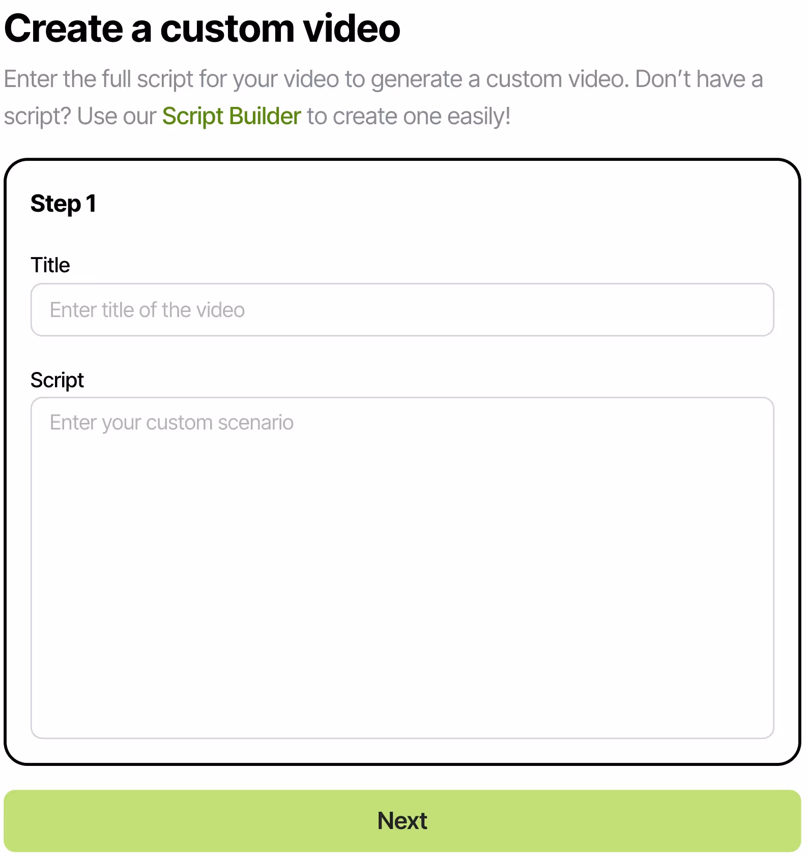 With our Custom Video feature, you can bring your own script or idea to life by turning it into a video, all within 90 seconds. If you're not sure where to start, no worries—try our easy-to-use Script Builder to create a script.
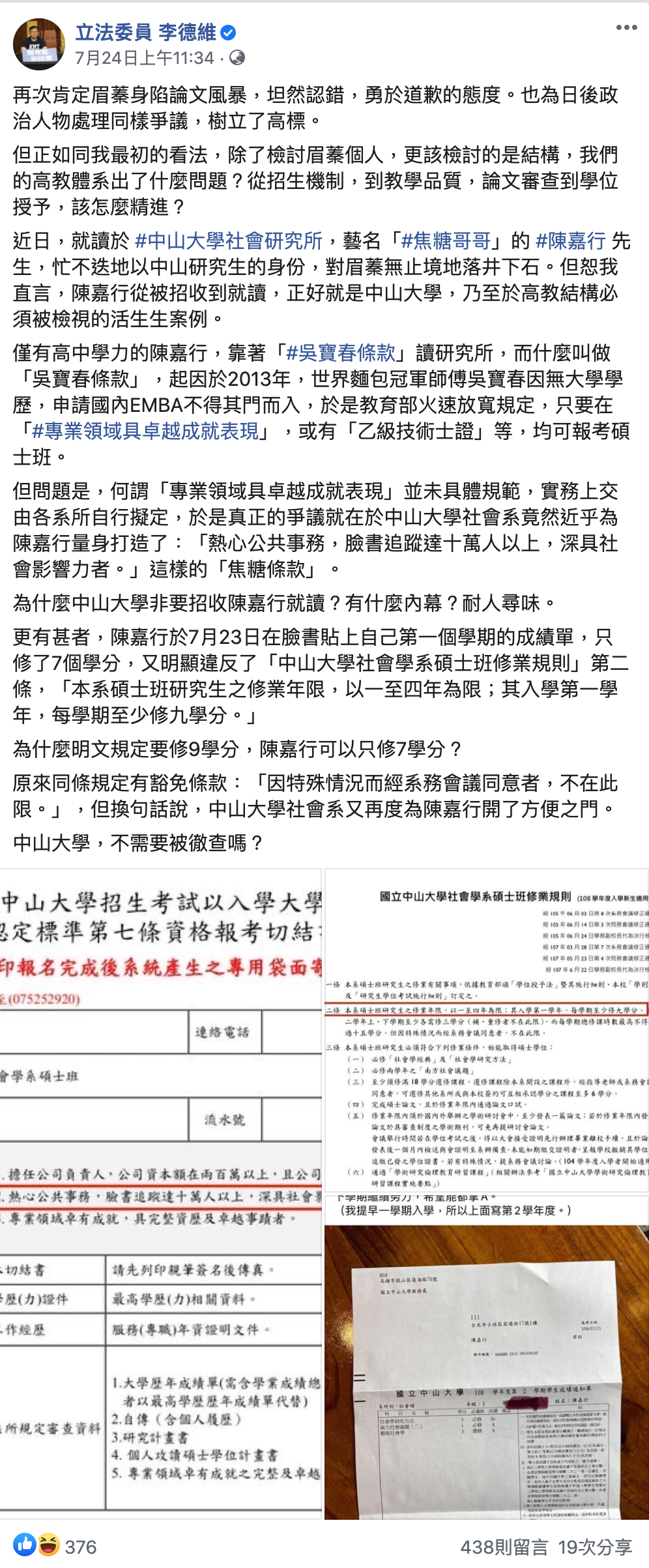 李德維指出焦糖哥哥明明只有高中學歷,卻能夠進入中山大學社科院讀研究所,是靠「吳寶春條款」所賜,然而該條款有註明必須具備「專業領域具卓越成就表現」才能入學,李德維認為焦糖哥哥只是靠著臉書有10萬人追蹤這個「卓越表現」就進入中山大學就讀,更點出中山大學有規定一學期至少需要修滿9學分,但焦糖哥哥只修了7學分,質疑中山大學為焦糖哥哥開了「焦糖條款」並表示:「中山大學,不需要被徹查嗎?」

* * *

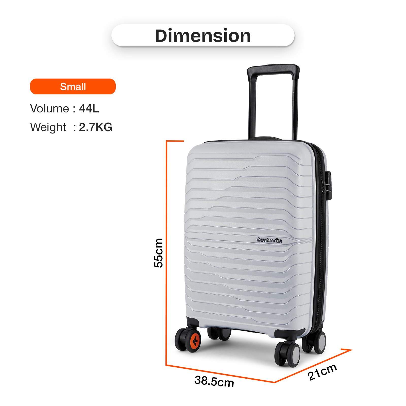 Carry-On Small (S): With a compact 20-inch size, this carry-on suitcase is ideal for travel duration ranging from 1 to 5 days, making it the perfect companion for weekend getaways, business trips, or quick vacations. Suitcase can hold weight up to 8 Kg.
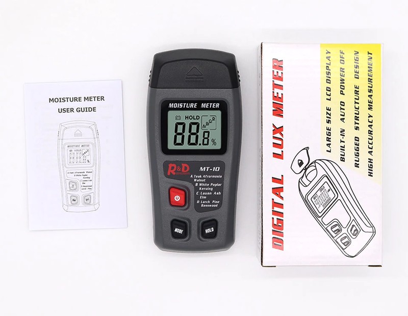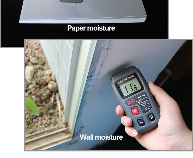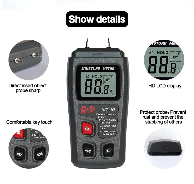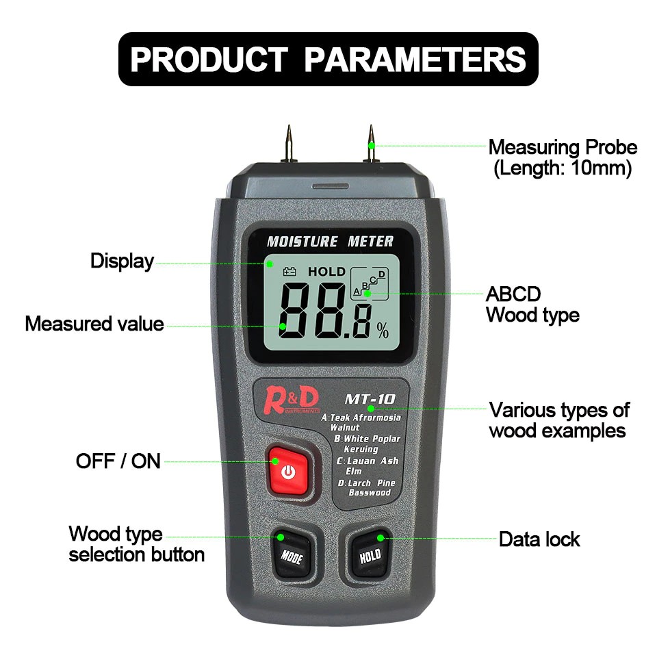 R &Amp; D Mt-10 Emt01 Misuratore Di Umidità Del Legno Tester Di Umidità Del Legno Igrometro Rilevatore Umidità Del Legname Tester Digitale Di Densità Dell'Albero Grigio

* Assigned task
Reproduce the lines above beginning at the line that contains "With our Custom" and ending at the line that contains "李德維指出焦糖哥哥明明只有高". No pictures.

* Answer below
 With our Custom Video feature, you can bring your own script or idea to life by turning it into a video, all within 90 seconds. If you're not sure where to start, no worries—try our easy-to-use Script Builder to create a script.
 李德維指出焦糖哥哥明明只有高中學歷,卻能夠進入中山大學社科院讀研究所,是靠「吳寶春條款」所賜,然而該條款有註明必須具備「專業領域具卓越成就表現」才能入學,李德維認為焦糖哥哥只是靠著臉書有10萬人追蹤這個「卓越表現」就進入中山大學就讀,更點出中山大學有規定一學期至少需要修滿9學分,但焦糖哥哥只修了7學分,質疑中山大學為焦糖哥哥開了「焦糖條款」並表示:「中山大學,不需要被徹查嗎?」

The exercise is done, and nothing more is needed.